I am from the Massachusetts General Hospital, and we at the Partners hospitals in the Boston area, when comparing our data between the community and academic hospitals, came upon some serious concerns about ASA classifications. Surgeons would like variables in a risk-adjusted model to be as objective as possible, and when a variable like ASA class, which is perceived by some to be subjective, shows up as the number one predictive factor, this causes great concern. ASA class is perceived to be subjective and you show that it adds little if anything to the key index of the overall model. Is this something you think that we should be using for base validity?

Dr. Daniel L. Davenport (Lexington, Kentucky): The ASA class is one of 60 risk factors that are tracked by the NSQIP. The modeling is repeated now in the ACS NSQIP on a 6-month basis using a rolling 2-year time period of data. In these models, ASA class keeps showing up at the top of the list as a major predictor of outcomes.

There is a significant amount of clinical redundancy in the NSQIP risk factors as it pertains to risk adjustment. So, to keep or drop the ASA class is a good question. I think the information it provides is useful, especially for the level IV and V patients, and that in the context of a robust clinical information system like NSQIP, the risks due to the subjective nature of the measure can be curtailed. Certainly, using it alone or in a smaller subset of data increases the risk of biased evaluations, and we believe it would be inadvisable to do so.

Dr. Michael L. Hawkins (Augusta, Georgia): I think perhaps we are comparing apples and oranges. We are comparing a straightforward, simple evaluation of surgical risk done before the surgery with a well-defined, extensive, retrospective analysis of risk that occurred when all the data are gathered.

To me, the ASA value potentially, although it is certainly not achieved all the time, would be an anesthesiologist recognition that this patient is at significant risk and maybe the preoperative/intraoperative care would be done somewhat differently if their risk is assigned to be higher.

Secondly, I am curious, I guess on my own personal bias, why you excluded trauma in your analysis and whether or not you included or excluded other emergency cases, or were all these cases elective, scheduled surgeries?
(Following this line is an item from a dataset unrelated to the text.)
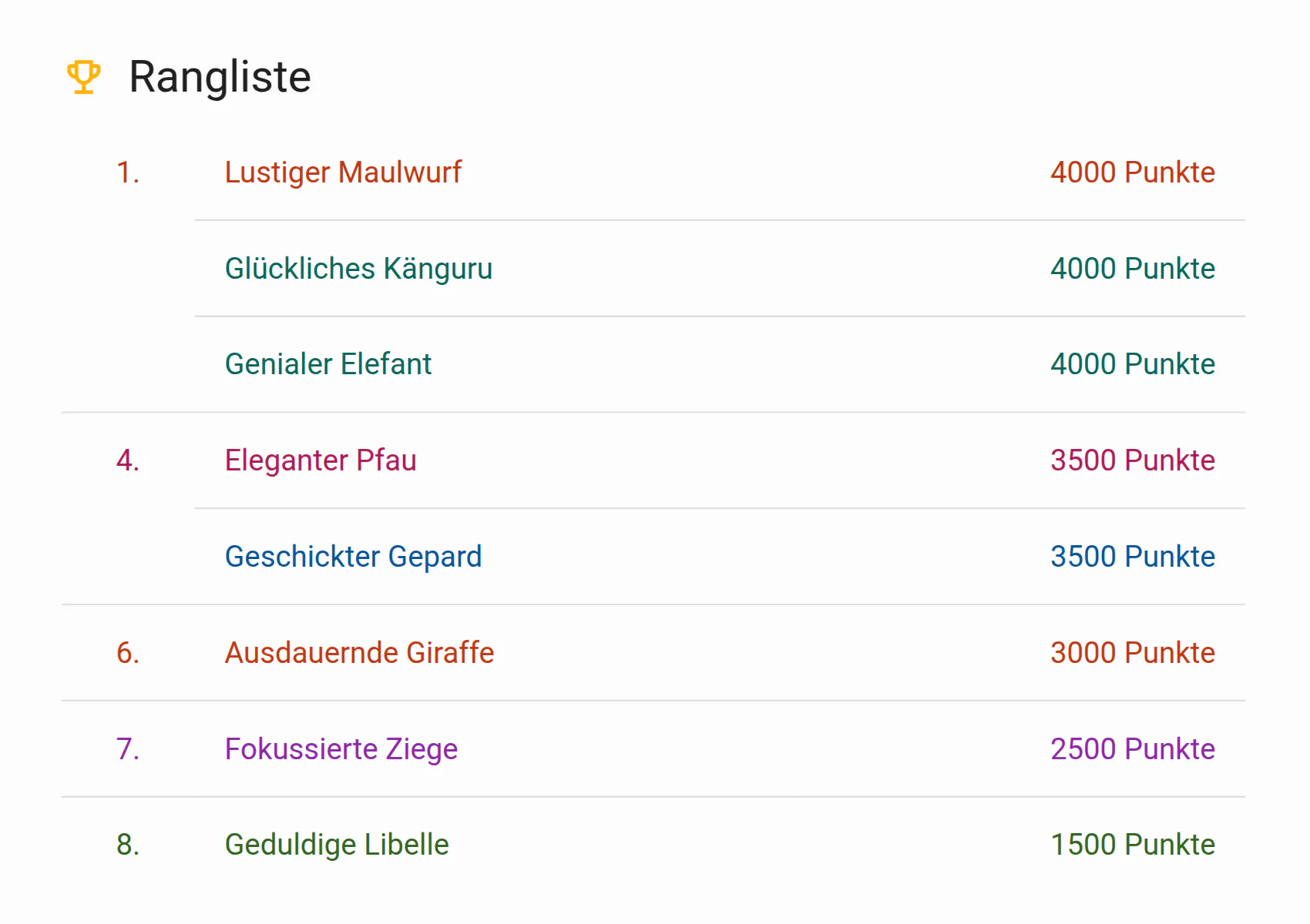 Die Positionierung der Rangliste wurde optimiert, sodass sich mehrere Teilnehmende bei gleicher Punktzahl einen Platz teilen. Außerdem werden jetzt die 100 ersten Teilnehmenden in der Rangliste angezeigt.

Dr. Daniel L. Davenport (Lexington, Kentucky): In terms of trauma, the NSQIP started in the VA; and because of the limited size of the trauma population, it was excluded early on. When the ASC NSQIP was implemented in the private sector, trauma patients were excluded because of the added complexity of this patient population and the lack of comparative data from the historical NSQIP. So our study, following the NSQIP protocol, did not include trauma patients.

I agree with you that the ASA class is subjective in nature compared to the other more objective risk factors. They are all obtained preoperatively and the ASA class is a summary measure of the physical status of the patient by the anesthesiologist. So it is a bit apples and oranges. But, as was shown in one of our first slides, it does provide additional clinical information that impacts estimation of outcomes.
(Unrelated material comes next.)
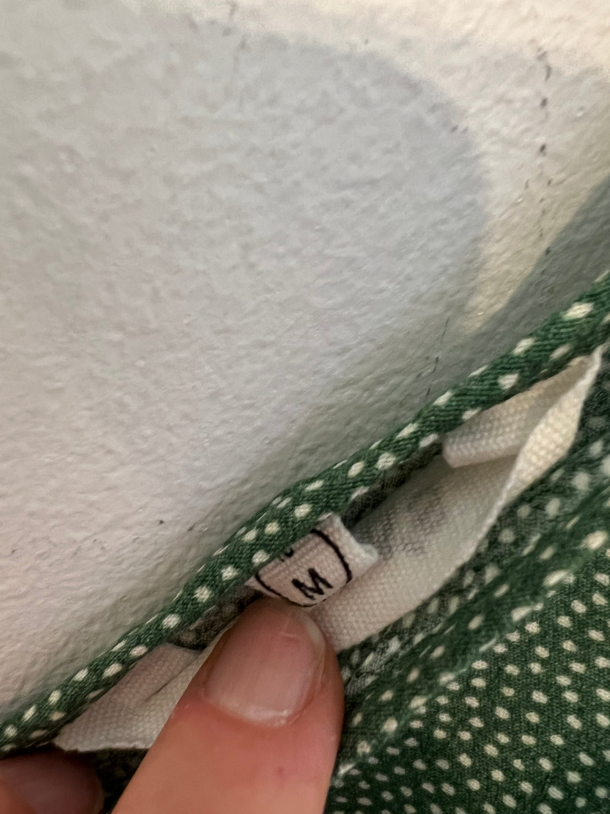 Short green polka dot dress. V-neck. No stretch. 46 cm from armhole to armhole, 92 cm long, 37 cm waist.

Dr. R. Scott Jones (Charlottesville, Virginia): I would just like to make a brief comment in that this particular issue has been under active consideration by the Steering Committee of the ACS NSQIP.
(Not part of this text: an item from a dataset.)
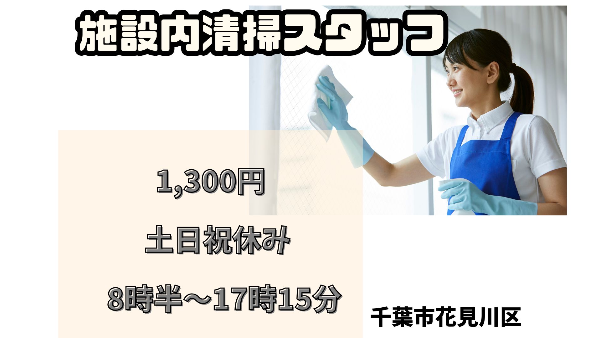《千葉市花見川区》未経験者歓迎♪/車通勤OK/土日祝休み/モクモクお仕事♪/施設内清掃staff

And as a follow-up to Dr. Zinner's comments, we have had active communication with that group about this matter last Tuesday. We discussed it in some detail, and have developed a Modeling Committee, which will include an external biostatistician to look at this particular matter: ASA on the risk adjustment calculation as well as other matters. So this is being attended to and will be analyzed and handled in a biostatistically and scientifically correct manner.